A second call to dpll_pin_on_pin_unregister(..) would cause a call trace,
as it tries to use already released registration resources (due to fix
introduced in b446631f355e). In this scenario pin was registered twice,
so resources are not yet expected to be release until each registered
pin/pin pair is unregistered.
Currently, the following crash/call trace is produced when ice driver is
removed on the system with installed E810T NIC which includes dpll device:
WARNING: CPU: 51 PID: 9155 at drivers/dpll/dpll_core.c:809 dpll_pin_ops+0x20/0x30
RIP: 0010:dpll_pin_ops+0x20/0x30
Call Trace:
? __warn+0x7f/0x130
? dpll_pin_ops+0x20/0x30
dpll_msg_add_pin_freq+0x37/0x1d0
dpll_cmd_pin_get_one+0x1c0/0x400
? __nlmsg_put+0x63/0x80
dpll_pin_event_send+0x93/0x140
dpll_pin_on_pin_unregister+0x3f/0x100
ice_dpll_deinit_pins+0xa1/0x230 [ice]
ice_remove+0xf1/0x210 [ice]
Fix by adding a parent pointer as a cookie when creating a registration,
also when searching for it.
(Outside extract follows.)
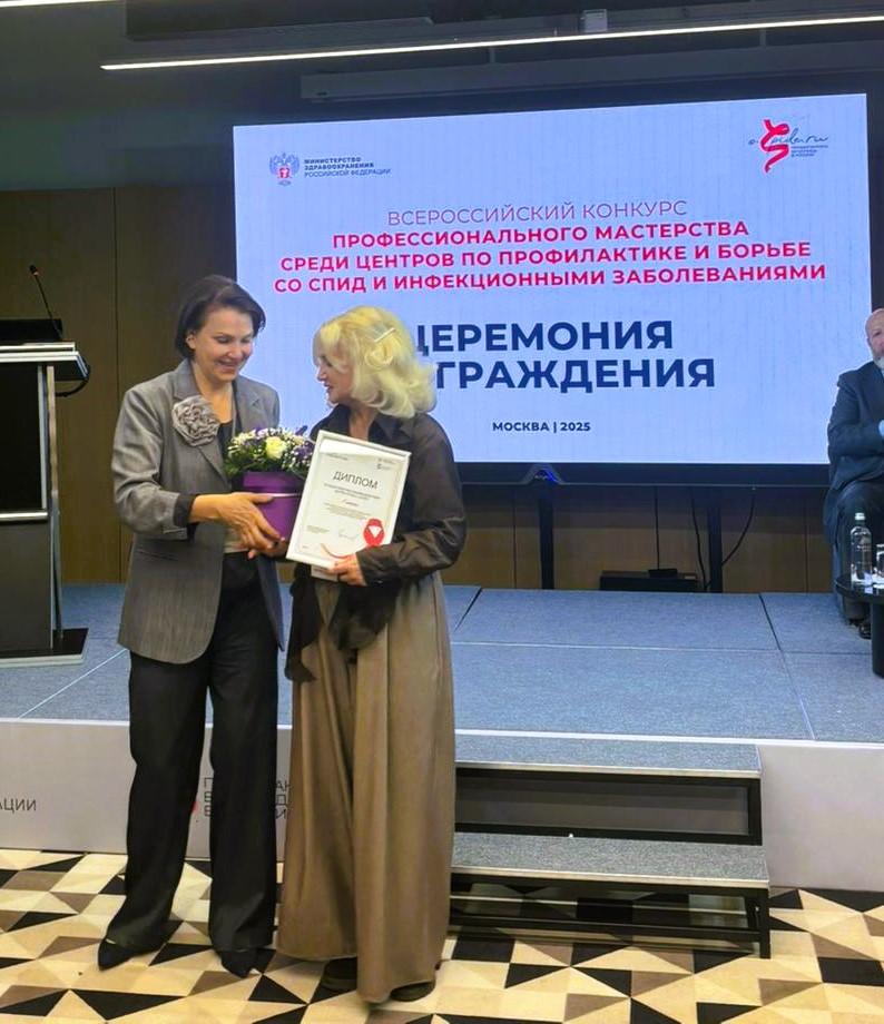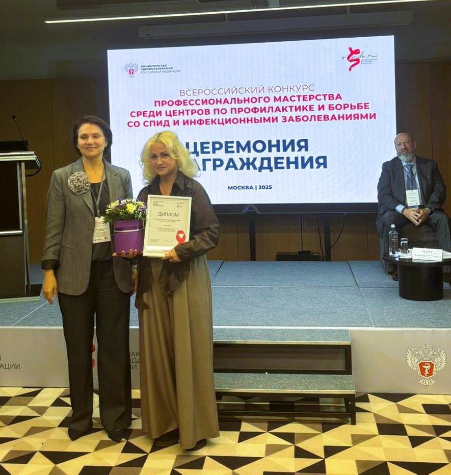 В упорной борьбе с лучшими командами страны наш Центр профилактики и борьбы со СПИД стал лауреатом I степени в номинации «Лучшая практика взаимодействия Центра СПИД с социально ориентированными некоммерческими организациями».

For the regular pins pass NULL, this allows to
create separated registration for each parent the pin is registered with.
Fixes: b446631f355e ("dpll: fix dpll_xa_ref_*_del() for multiple registrations")
Signed-off-by: Arkadiusz Kubalewski <arkadiusz.kubalewski@xxxxxxxxx>
Reviewed-by: Jiri Pirko <jiri@xxxxxxxxxx>
Link: https://lore.kernel.org/r/20240424101636.1491424-1-arkadiusz.kubalewski@xxxxxxxxx
Signed-off-by: Jakub Kicinski <kuba@xxxxxxxxxx>
Signed-off-by: Sasha Levin <sashal@xxxxxxxxxx>
diff --git a/drivers/dpll/dpll_core.c b/drivers/dpll/dpll_core.c
index 3e6282937e35c..a6856730ca90f 100644
--- a/drivers/dpll/dpll_core.c
+++ b/drivers/dpll/dpll_core.c
@@ -42,6 +42,7 @@ struct dpll_pin_registration {
struct list_head list;
const struct dpll_pin_ops *ops;
void *priv;
+ void *cookie;
};
struct dpll_device *dpll_device_get_by_id(int id)
@@ -54,12 +55,14 @@ struct dpll_device *dpll_device_get_by_id(int id)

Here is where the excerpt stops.